Thursday, November 10, 2011

Consuming vs. Creating

Every day we have an opportunity to consume or to create.

Consuming promises to satisfy the desire that only living out our original design as mini-creators can really do. Will we use our faculties to create something new? or just ingest someone else's ingenuity? One requires action & intention that pays off - the other passivity that only leads to more laziness and malaise.

These thoughts have been rumbling around in my old noggin' for the last year or so.

It really is quite amazing what little we can be satisfied with...I'll spend hours reading magazines & status updates, watching mediocre shows or movies chock full of stuff I don't even like, just undiscerningly eating whatever's placed before me; and then mere minutes on writing or creating something new and I like to think that's a passion of mine. Are we just that prone to walk the easiest path?
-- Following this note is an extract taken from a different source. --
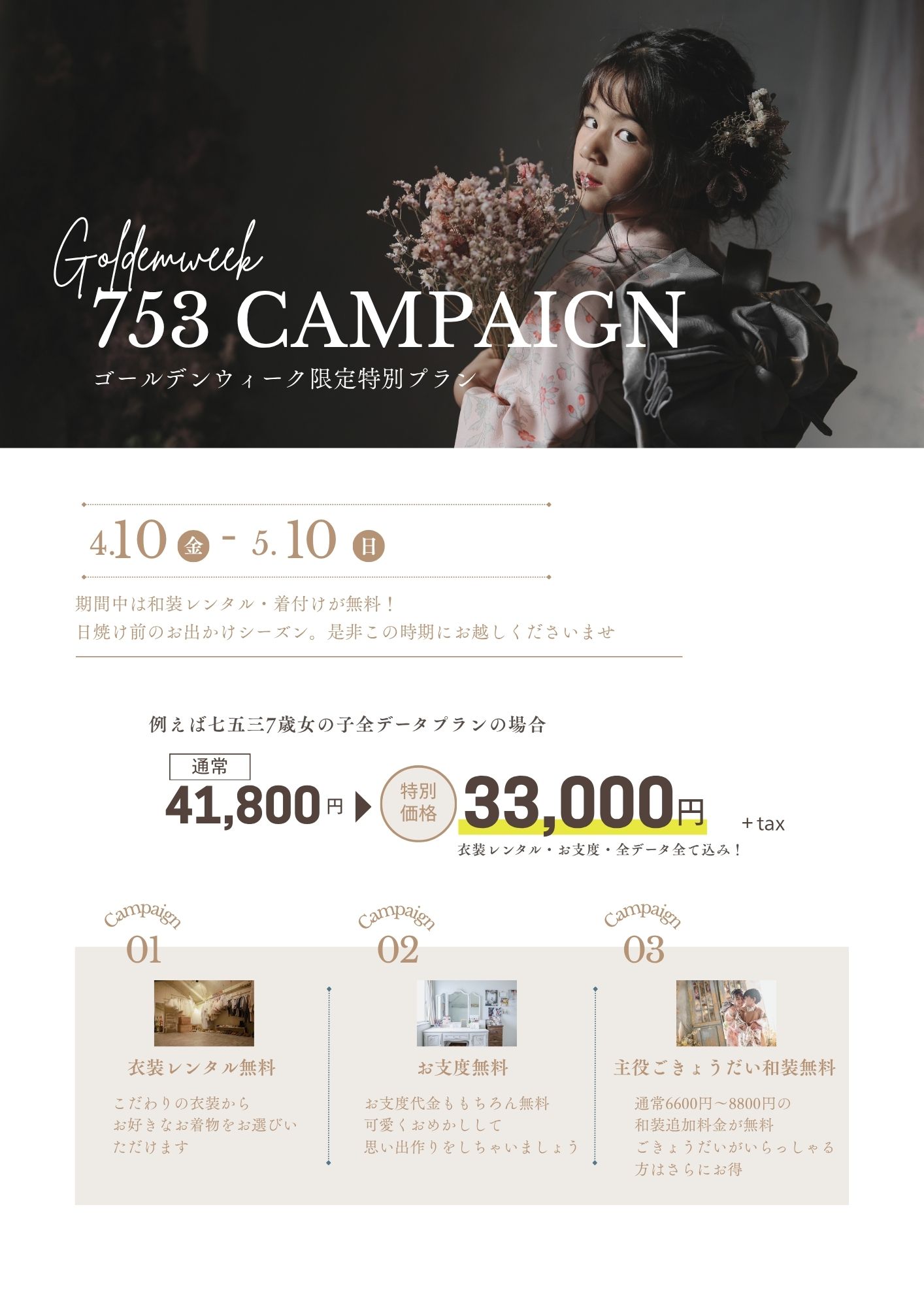 ゴールデンウィーク期間のとってもお得な七五三キャンペーンを開催します!

Our culture certainly doesn't help me cultivate my creativity -- we are wired to want and the catalogs and ads and signage all feed on that. American ad world (of which-full disclosure- I am guilty in my profession of advancing) is structured around all of us believing that our core identity is consumer. Life plus product or service being sold is better. That's what I have to believe, but it's never couched that way...it's couched as the 'good life' will be realized through buying the product-nay, the dream being sold. The reality is that even if we are consuming, we DO end up creating in our minds as we imagine a world that is perfect here.

I was thinking more on this the other day because of the book I've been reading lately On Paradise Drive by David Brooks. I'm continuing with my American cultural criticism "pseudo class" of sorts. In it Brooks discusses what makes Americans and their spirit unique, from life in the suburbs, to higher learning, spirituality and our shopping sprees - and through it all he discovers our uniqueness lies in our striving, our desiring to move forward and improve. There's something engrained in our spirit, our American psyche that says "Life can be better, we can improve" and that drives us...but we rarely notice that it robs us of contentment in the present. We don't think about how life is only lived in the now, not tomorrow.

This passage was especially enlightening - He's speaking on what happens as we do something as simple as read a magazine:
"What people are doing as they page through these magazines is this: They are enjoying the longing. They are constructing fantasies of what their lives might be like, using the goods and images they see in these magazines. They are not there yet, and in truth they may never get there, but they get pleasure from bathing in the possibility of what might be, of sloshing about in the golden waters of some future happiness. They achieve a transubstantiation of goods, using products and gear to create a magical realm in which all is harmony, happiness, and contentment, in which they can finally relax, in which their best and most admirable self will emerge at last."


Because we have eternity in our hearts, our coveting is limitless, and our imaginations only help further this. The key is realizing how overactive your imagination is and to try and reign in the longing and desires before they develop....but our world plays on that, and our hearts are so deceitful.

6 comments:

David Wilhite said...

Thanks for sharing Scott. I've thankful to have consumed this blog post ; )

Favorite lines:
"We don't think about how life is only lived in the now, not tomorrow"
"Because we have eternity in our hearts, our coveting is limitless" (you need to copyright this or something...that is brilliant)

Scott said...

Thanks David! I appreciate it man! I plan on copyrighting many of these thoughts soon!!!

Brent said...

Really, you should copyright all of this. It's as easy as adding a copyright to the page:

"Copyright 2011 Scott Christopher"

Scott said...

don't you have to do something more official than that to copyright something? guess i should google it...

Brent said...

Actually, you don't even have to do that:

"Your work is under copyright protection the moment it is created and fixed in a tangible form that it is perceptible either directly or with the aid of a machine or device."

According to Wikipedia, prior 1989 a copyright notice was required, but no longer the case.

You do need to register your work with the US Copyright Office in order "to bring a lawsuit for infringement."

http://www.copyright.gov/help/faq/faq-general.html

Scott said...

thanks Brent...you're better than google!